- DATA LISTING:
= Beginning of Section =

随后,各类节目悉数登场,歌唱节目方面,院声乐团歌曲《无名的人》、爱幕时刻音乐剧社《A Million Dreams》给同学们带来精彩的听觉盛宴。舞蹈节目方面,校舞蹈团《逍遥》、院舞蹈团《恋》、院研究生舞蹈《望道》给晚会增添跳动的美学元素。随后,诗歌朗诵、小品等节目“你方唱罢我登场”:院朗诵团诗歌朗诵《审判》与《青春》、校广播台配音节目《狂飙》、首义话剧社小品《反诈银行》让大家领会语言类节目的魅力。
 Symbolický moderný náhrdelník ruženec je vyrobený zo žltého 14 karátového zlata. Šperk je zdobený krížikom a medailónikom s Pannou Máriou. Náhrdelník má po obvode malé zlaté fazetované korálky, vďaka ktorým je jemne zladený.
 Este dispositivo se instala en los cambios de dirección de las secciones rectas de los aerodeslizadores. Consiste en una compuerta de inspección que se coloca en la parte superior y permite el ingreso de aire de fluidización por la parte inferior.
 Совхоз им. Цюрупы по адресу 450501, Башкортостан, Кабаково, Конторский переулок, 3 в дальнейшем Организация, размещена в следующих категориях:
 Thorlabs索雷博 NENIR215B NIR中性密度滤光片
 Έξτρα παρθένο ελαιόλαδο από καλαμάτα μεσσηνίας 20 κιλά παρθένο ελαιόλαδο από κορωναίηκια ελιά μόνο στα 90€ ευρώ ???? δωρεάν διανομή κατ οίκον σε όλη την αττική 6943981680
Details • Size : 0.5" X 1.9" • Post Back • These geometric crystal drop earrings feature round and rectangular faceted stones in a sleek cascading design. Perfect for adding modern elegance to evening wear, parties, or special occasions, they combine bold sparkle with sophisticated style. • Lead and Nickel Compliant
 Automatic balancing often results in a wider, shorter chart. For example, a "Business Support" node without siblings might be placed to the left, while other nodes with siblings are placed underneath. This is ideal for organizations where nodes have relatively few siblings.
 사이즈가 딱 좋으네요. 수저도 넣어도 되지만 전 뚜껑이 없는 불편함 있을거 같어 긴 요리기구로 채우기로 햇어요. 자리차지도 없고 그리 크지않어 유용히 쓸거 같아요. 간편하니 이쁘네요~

= End of Section =

For this exercise, copy every line of the data that holds "with".

Details • Size : 0.5" X 1.9" • Post Back • These geometric crystal drop earrings feature round and rectangular faceted stones in a sleek cascading design. Perfect for adding modern elegance to evening wear, parties, or special occasions, they combine bold sparkle with sophisticated style. • Lead and Nickel Compliant
 Automatic balancing often results in a wider, shorter chart. For example, a "Business Support" node without siblings might be placed to the left, while other nodes with siblings are placed underneath. This is ideal for organizations where nodes have relatively few siblings.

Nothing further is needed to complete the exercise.